In the second stanza unreality is illustrated with the help of the trees and thus becomes a space one could walk in. Pain seems to be forgotten, has made way for longing.
But as soon as the third stanza consolidates the contours of the landscape the sudden change occurs: happiness, which is here portrayed as nothing but a shadow of love, transforms itself.
The outstretched arms are all that is visible of happiness. Even before the arms freeze, they are transformed into an insurmountable barrier. They entangle themselves with other arms and block out any further approach.
At this point even the feelings which were so huge that they could create their own space, become in retrospect, uncertain and illusionary, whereas the landscape they invented becomes ever more deadly and thus ever more real.
In the 4th stanza, the dizziness and the turning of the body: The turning motion of the imaginary wheels at the beginning of the poem, now seizes the whole body. It falls to the ground, which finally gives way in the last stanza.
The deeper the body sinks into the ground, the higher the trees grow. The growing of the trees is an optical illusion, the swansong on the series of illusions, deceptions and futility, and their complex connections with each other in the poem.
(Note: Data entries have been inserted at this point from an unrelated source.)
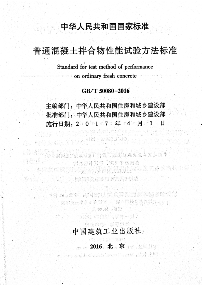 普通混凝土拌合物性能试验方法权Standardfortestmethodofperformanceonordinaryfreshconcrete348072@abc12天前发布关注私信32.80MB99页042普通混凝土拌合物性能试验方法权Standardfortestmethodofperformanceonordinaryfreshconcrete此内容为付费资源,请付费后查看¥13¥19黄金会员免费钻石会员免费立即购买您当前未登录!建议登陆后购买,可保存购买订单付费资源 第1页 / 共99页 第2页 / 共99页 第3页 / 共99页 第4页 / 共99页 第5页 / 共99页 试读已结束,还剩94页,您可下载完整版后进行离线阅读 THE END标准规范 文本预览 UDC中华人民共和国国家标准PGB/T50080-2016普通混凝土拌合物性能试验方法标准Standard for test method of performanceon ordinary fresh concrete2016-08-18发布2017-04-01实施中华人民共和国住房和城乡建设部中华人民共和国国家质量监督检验检疫总局联合发布 查看更多 收起部分 喜欢就支持一下吧收藏
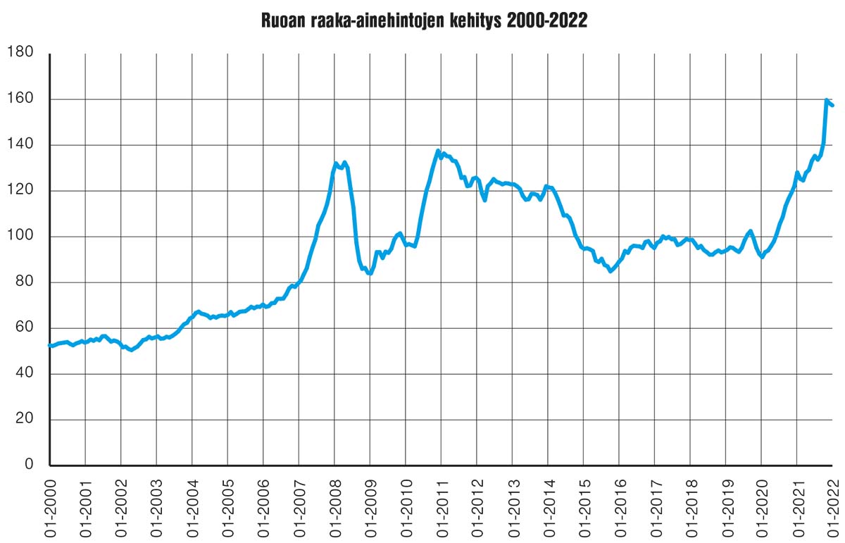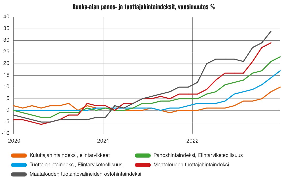– Viljan hinta on tuplaantunut vuodessa, naudanlihan tuottajahinta noussut 21, sialihan 25 ja siipikarjanlihan 31 prosenttia. Nämä ovat tosi isoja nousuja viime vuoteen nähden.
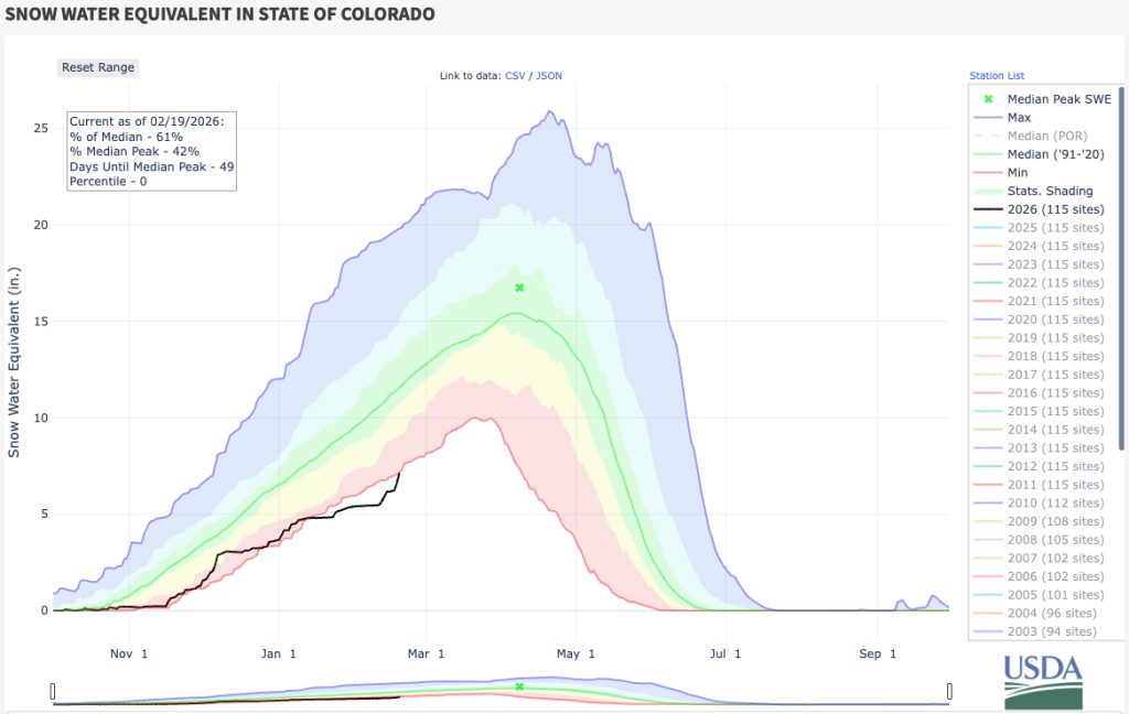 “We still have about a month and a half to go before the peak date of statewide snowpack in early April. While that still gives us a window for snow to accumulate, we need significant precipitation between now and then to help reduce our current deficits,” Mazurek said. She noted that NOAA’s climate outlook for March and seasonal outlook (both released Feb. 19) suggest Colorado has increased odds for below-normal precipitation over both of these forecast periods.
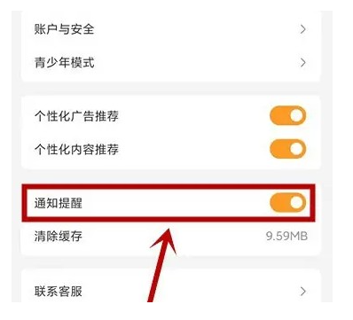 3、打开"通知提醒"控制按钮,这样就设置完成了。
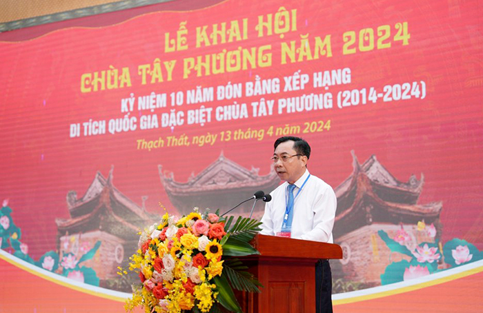 Phát biểu khai mạc Lễ hội, Chủ tịch UBND huyện Thạch Thất Nguyễn Mạnh Hồng cho biết, Thạch Thất là vùng đất cổ, là vùng quê có truyền thống lịch sử văn hóa lâu đời, với những bản sắc của văn hóa xứ Đoài, hòa chung với nền văn hóa Thăng Long Hà Nội - Thủ đô ngàn năm văn hiến.
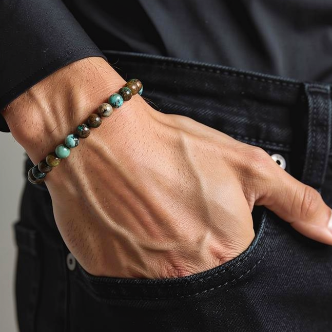 OOZOO Jewellery is a great addition to your personal accessories collection. This beautiful African turquoise stone bracelet is the perfect accessory to complete your outfit. The stone bracelet has a strong stainless steel clasp. Carefully selected materials come together in this collection to create a timeless and distinctive design. This product (SB-1060) is covered by a 3 months warranty (see section 3 of our Refund, shipping & warranty policy).
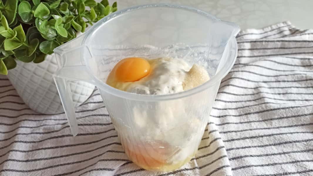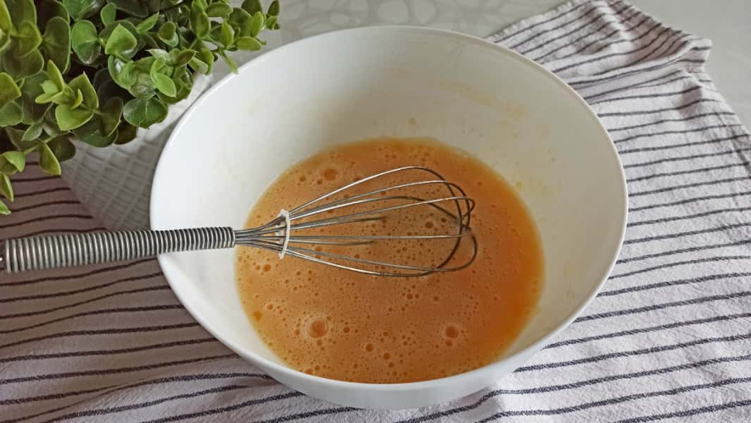 1. За допомогою вінчика збиваємо яйця з цукром.
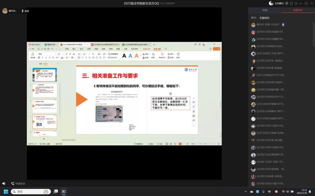 为确保2024年春季学期本科生与研究生开学和返校工作平稳有序开展,球王会网站于2024年2月21日开展了线上安全教育主题班会,班主任参与,全体学生参加。
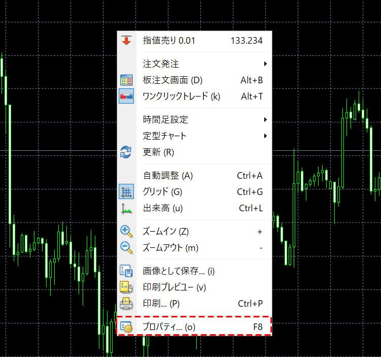 チャート上で右クリックし、表示されるメニューから「プロパティ」を選択します。
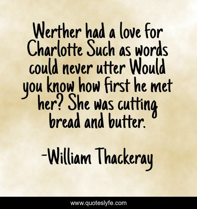 This page presents the quote "Werther had a love for Charlotte Such as words could never utter Would you know how first he met her? She was cutting bread and butter.". Author of this quote is William Thackeray. This quote is about love, affection,.
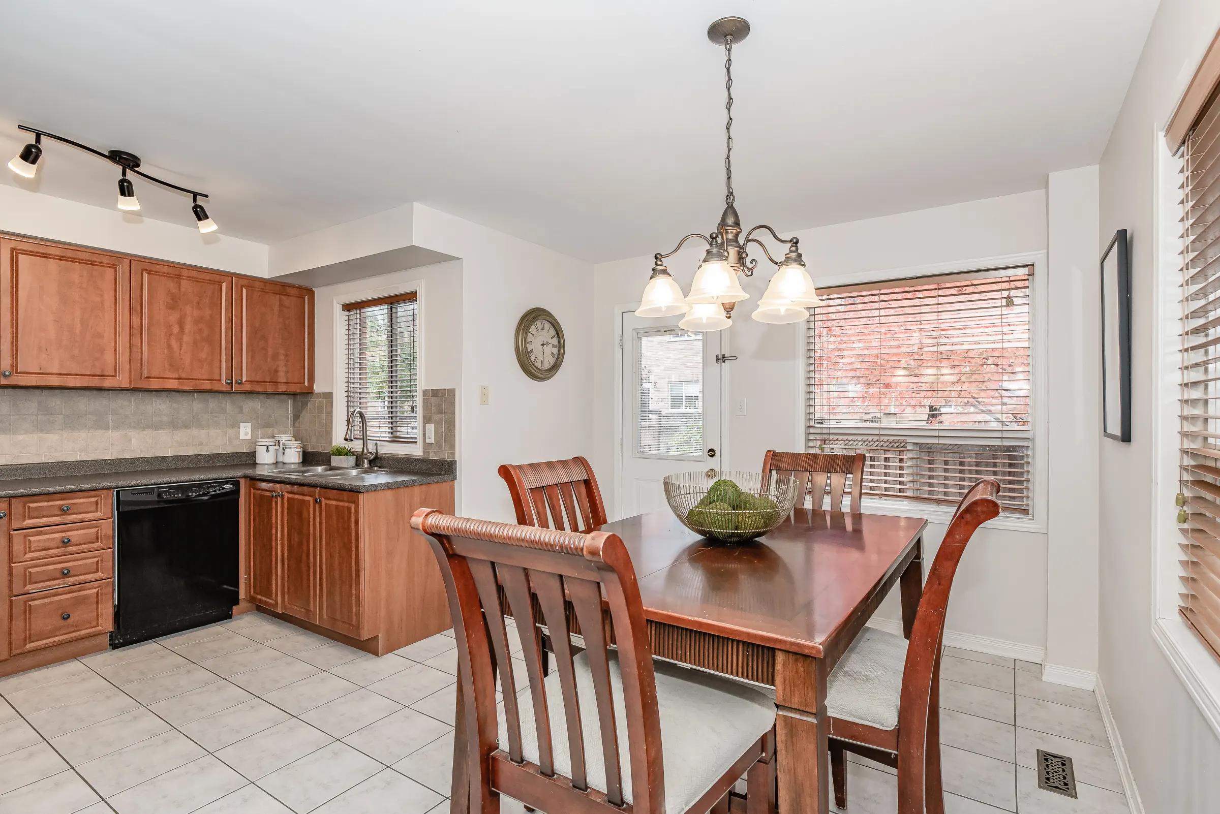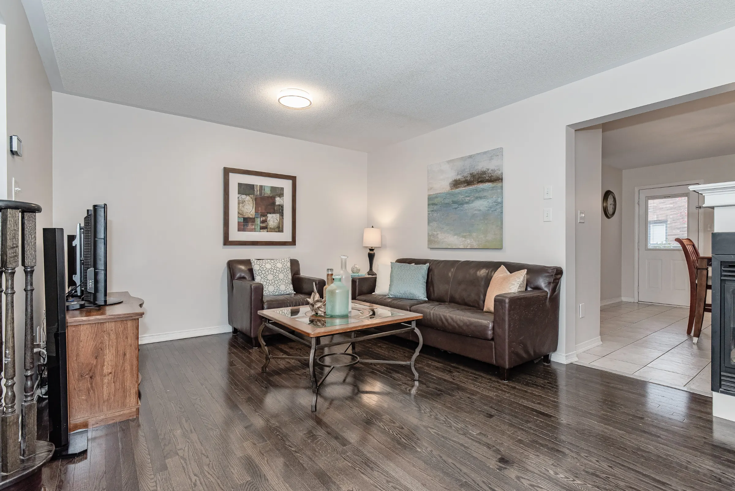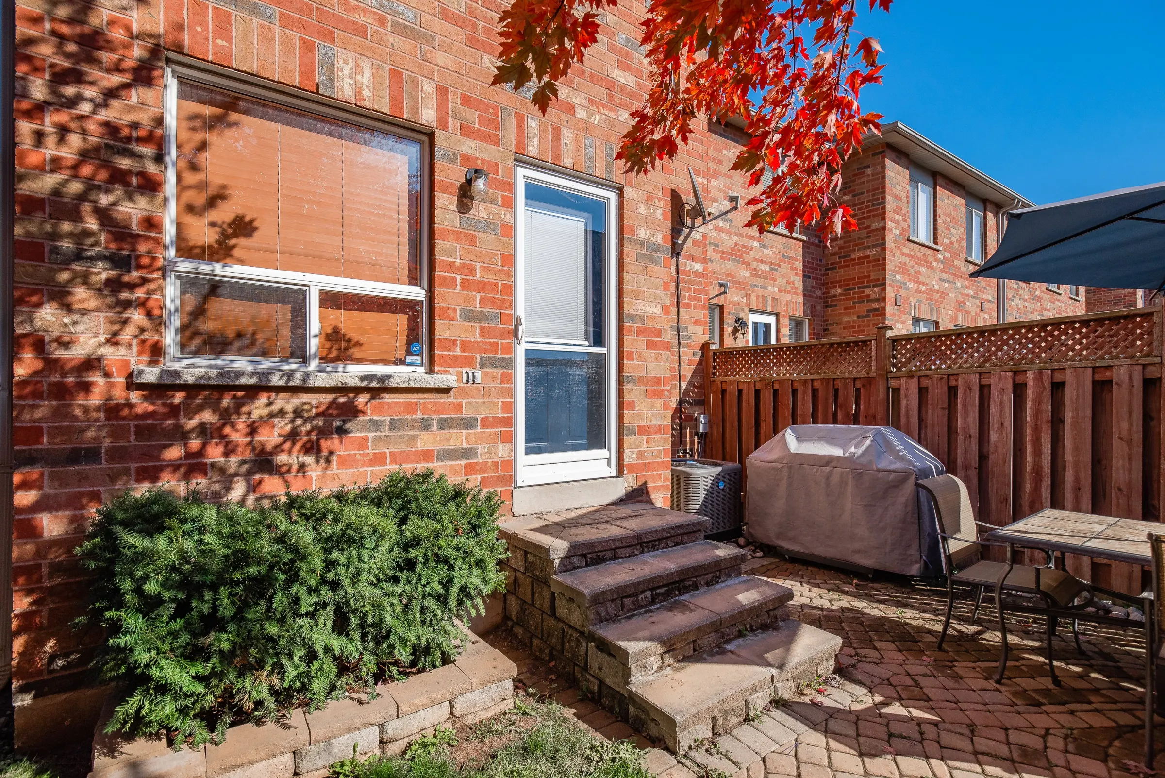 Stylish brick exterior façade with inviting interlock walkway to the covered front porch. Deluxe entry door with glass insert opening to the spacious foyer with mirrored sliding closet doors. The combined living, kitchen and dining rooms are configured perfectly for entertaining and everyday family life. Generous kitchen and dining area filled with an abundance of natural daylight boasting ample windows and walkout to private tree covered back yard and patio with new fence. Open concept living room featuring a gas fireplace and dark stained hardwood floors. Convenient powder room and inside entry to the attached garage.
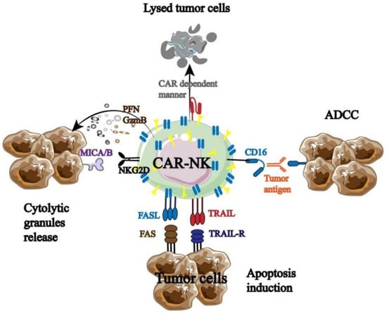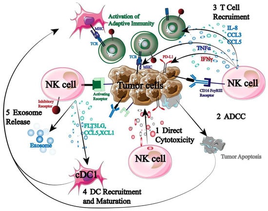 NK cells can directly cause autotoxicity by secreting granzyme and perforin. Second, NK cells express high levels of CD16 to initiate ADCC when they encounter a stimulatory signal that is greater than an inhibitory one. Furthermore, NK cells have the ability to release cytokines and chemokines that attract and assemble other immune cells (T cells, DC cells, etc.), initiating an adaptive immune response that destroys tumor cells [,,]. More significantly, previous sensitization and specific antigen presentation are not necessary for NK cell activation. As a result, NK cells have the ability to both trigger a systemic tumor immune response and specifically target tumor cells.
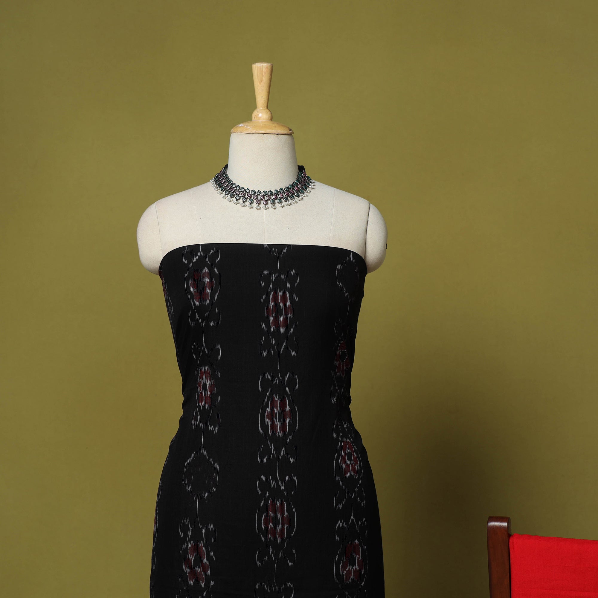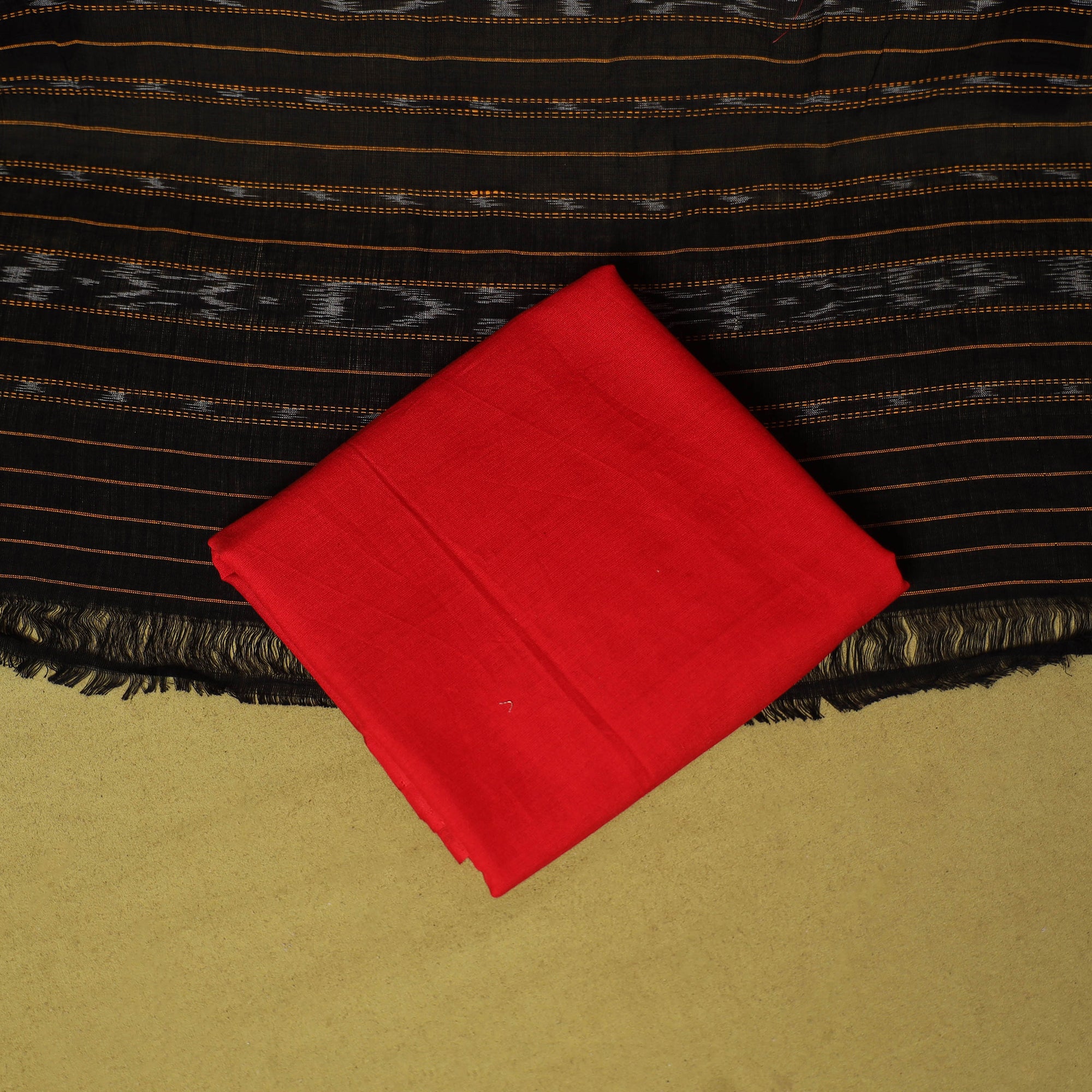 Black - Sambalpuri Ikat Handloom Cotton 3pc Unstitched Dress Material 16
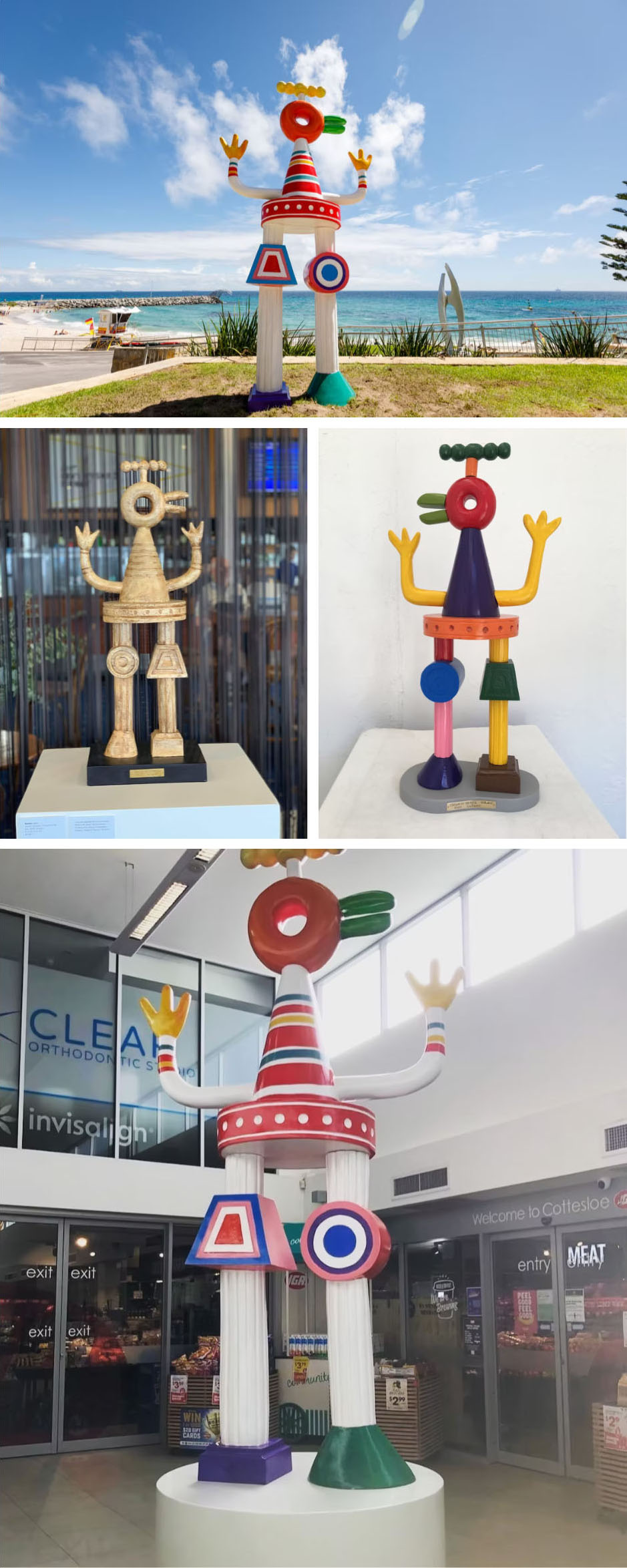 "Dream of Cyprus" was exhibited at Sculpture by the sea in Cottesloe, Australia, in 2021, where it received the Kid's Choice Award. Installed at the entrance of a nearby shopping mall, the colorful figure welcomed visitors with its playful yet symbolic design.

The poem does not offer the reader or listener any support. It is like a dream in which someone gets lost, the dreamer being the reader or listener himself.
It is up to the reader whether he or she takes the body in the dream for his or her own, identifying with it, or whether it is seen as the body of a stranger. The poem allows both possibilities as it allows several interpretations.
It can be read as the story of an illusion of love, maybe even a betrayal of love, or as a parable of the impossibility and futility of love, or as one about being exposed and lonely in one's hour of death.
Alternatively, one could understand the poem simply as a reflection on and with images about the nature of emotions concerning love and death.